Additionally, we used the slope to prevent the degradation of land surface topography by the model. For this purpose, corresponding to each data, the Shuttle Radar Topography Mission (SRTM) v3 Digital Elevation Model (DEM) was acquired, and the regional slope was calculated. The use of the slope is advantageous compared to the elevation model because it has a threshold and can be applied without considering the image’s position on the Earth.
After preparing the required input data, fine-tuning and training the implemented model become crucial. In GAN networks, both the Generator (G) and Discriminator (D) networks are trained simultaneously. These networks engage in an adversarial relationship, striving to enhance each other’s performance. Thus, maintaining equitable competition between them is of paramount importance. Therefore, initially, the G network was trained independently, and then the trained network was pitted against the D network.
3. Result
To compare our proposed method and the ESRGAN network, the three metrics PSNR, SSIM, and SAM were considered, and the outcomes are shown in
Table 1.
According to
Table 1, the provided method could achieve incredible results for SAM and SSIM metrics, with 0.10 and 0.92 radians, respectively, which was better than for the ESRGAN network, with 0.12 radian in SSIM and 0.90 in SAM. By contrast, the PSNR metric ESRGAN gained higher values, with 37.34 dB, and the approach provided shows 37.23 dB.
On the other hand, to compare the visualized images, the real outcome, the approach provided, and the ESRGAN network, two samples are selected from the test set.

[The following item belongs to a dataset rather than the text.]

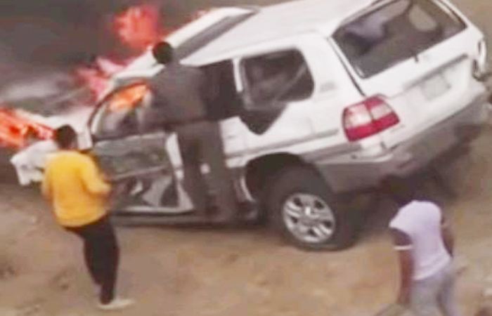 بالفيديو: إنقاذ سعودي علق بداخل سيارته وهي تحترق!

Figure 3a–c corresponds to an area with dense vegetation and
Figure 3d–f is selected from a desert area with scattered bushes. By comparing the outputs obtained with WorldView images, it can be seen that our proposed model performs better than the ESRGAN in the vegetated area, but has generated extra noise in the desert area. This issue is most likely due to the lack of training data from desert areas. Moreover, to survey and evaluate the spectral images, the RGB bands’ histograms were considered, as shown in
Figure 4. By comparing the histograms, we reach similar results.